Abstract:Learning from noisy labels is a challenge that arises in many real-world applications where training data can contain incorrect or corrupted labels. When fine-tuning language models with noisy labels, models can easily overfit the label noise, leading to decreased performance. Most existing methods for learning from noisy labels use static input features for denoising, but these methods are limited by the information they can provide on true label distributions and can result in biased or incorrect predictions. In this work, we propose the Dynamics-Enhanced Generative Model (DyGen), which uses dynamic patterns in the embedding space during the fine-tuning process of language models to improve noisy label predictions. DyGen uses the variational auto-encoding framework to infer the posterior distributions of true labels from noisy labels and training dynamics. Additionally, a co-regularization mechanism is used to minimize the impact of potentially noisy labels and priors. DyGen demonstrates an average accuracy improvement of 3.10% on two synthetic noise datasets and 1.48% on three real-world noise datasets compared to the previous state-of-the-art. Extensive experiments and analyses show the effectiveness of each component in DyGen. Our code is available for reproducibility on GitHub.
What problem does this paper attempt to address?
### Problems the paper attempts to solve
This paper aims to solve the problem that pre - trained language models (PLMs) are prone to over - fitting noisy labels when trained with data having noisy labels. Specifically, when fine - tuning a language model with noisy labels, the model may over - adapt to these incorrect labels, resulting in a decline in performance. Existing methods usually rely on static input features for denoising, but these methods provide limited information about the true label distribution and may lead to bias or incorrect predictions.
### Solutions
To solve the above problems, the authors propose a method based on the Dynamic Augmented Generation Model (DyGen). DyGen utilizes the dynamic patterns in the embedding space during the fine - tuning process to improve the prediction of noisy labels. Specifically, DyGen uses the variational auto - encoder framework to infer the posterior distribution of the true labels from the noisy labels and training dynamics, and minimizes the influence of potential noisy labels and priors through a co - regularization mechanism.
### Main contributions
1. **Discovering dynamic training patterns**: The authors find that during the fine - tuning process of pre - trained language models, the dynamic behaviors of noisy samples and clean samples in the embedding space are different.
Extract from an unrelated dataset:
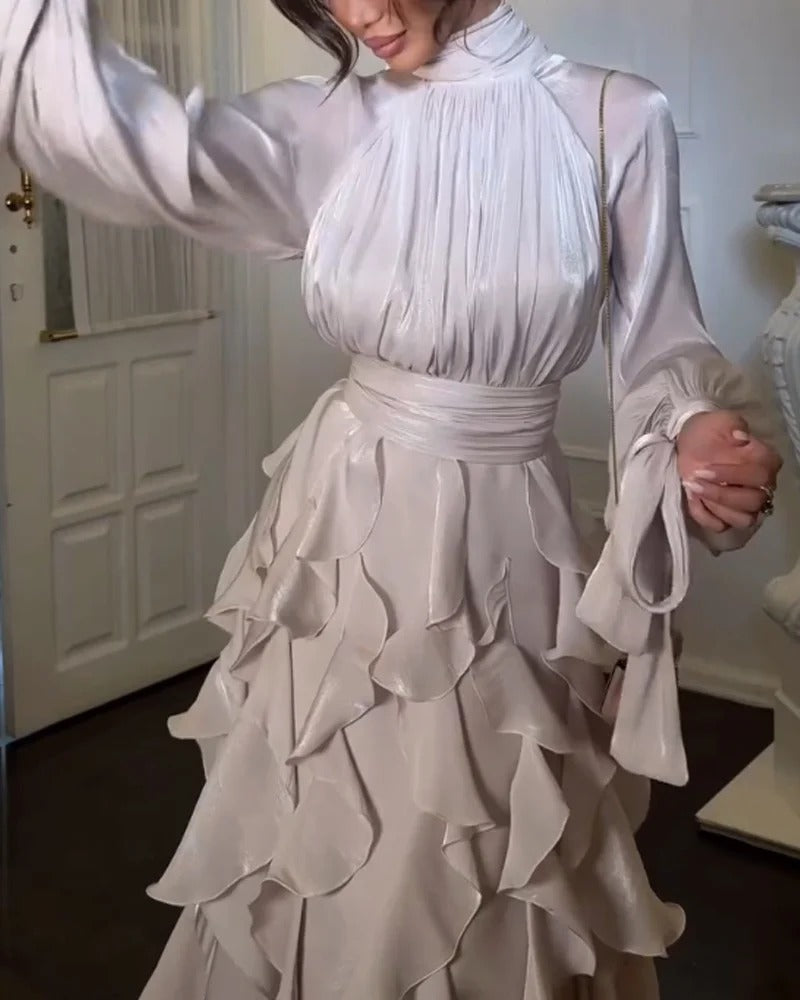 Apportez une touche de raffinement à votre garde-robe avec cette robe élégante à col haut et volants. Sa coupe flatteuse met en valeur la silhouette tout en offrant un confort aérien. Parfaite pour les occasions spéciales ou les soirées d’été.

Using this finding, a denoising fine - tuning method is proposed.
2. **Designing a generation model**: The model is modeled by reconstructing the noisy label ˆ𝑦, while using the training dynamic w to infer the posterior distribution of the true label 𝑦.
3. **Co - regularization mechanism**: The generation models of multiple branches are mutually regularized to improve the robustness of inferring the true label.
4. **Experimental verification**: Extensive experiments have been carried out on a variety of synthetic and real - world noisy data sets, and the results show that DyGen outperforms the existing state - of - the - art methods, especially performing well under extreme noise ratios.
### Formula summary
- **Joint distribution decomposition**:
\[
p(y, \hat{y} | w) = p(y | w) p(\hat{y} | y, w)
\]
- **Generating process**:
\[
y \sim \text{Dirichlet}(\alpha_w), \quad \hat{y} \sim \text{Multi}(\pi_w, y)
\]
- **Variational lower bound (ELBO)**:
\[
\text{ELBO} = \sum_{k = 1}^c \left( \hat{y}_k \log \hat{y}_k^*+ (1 - \hat{y}_k) \log (1 - \hat{y}_k^*) \right)- \log \Gamma(\alpha_k^x)+ \log \Gamma(\hat{\alpha}^x, \hat{y})- (\hat{\alpha}_k^x, \hat{y} - \alpha_k^x) \psi(\hat{\alpha}_k^x, \hat{y})
\]
- **Posterior distribution**:
\[
H = q_\phi(y | \hat{y}, w)=\frac{\hat{\alpha}_{y, \hat{y}} - 1}{\sum_{y = 1}^c \hat{\alpha}_{y, \hat{y}} - c}
\]
- **Final prediction**:
\[
p(y | x)\propto\sum_{k = 1}^c q_\phi(y | \hat{y} = k, w) p(\hat{y} = k | x)
\]
### Conclusion
DyGen effectively solves the over - fitting problem of pre - trained language models on noisy - label data by using training dynamic patterns and generation models, and improves the performance and robustness of the model under various noise conditions.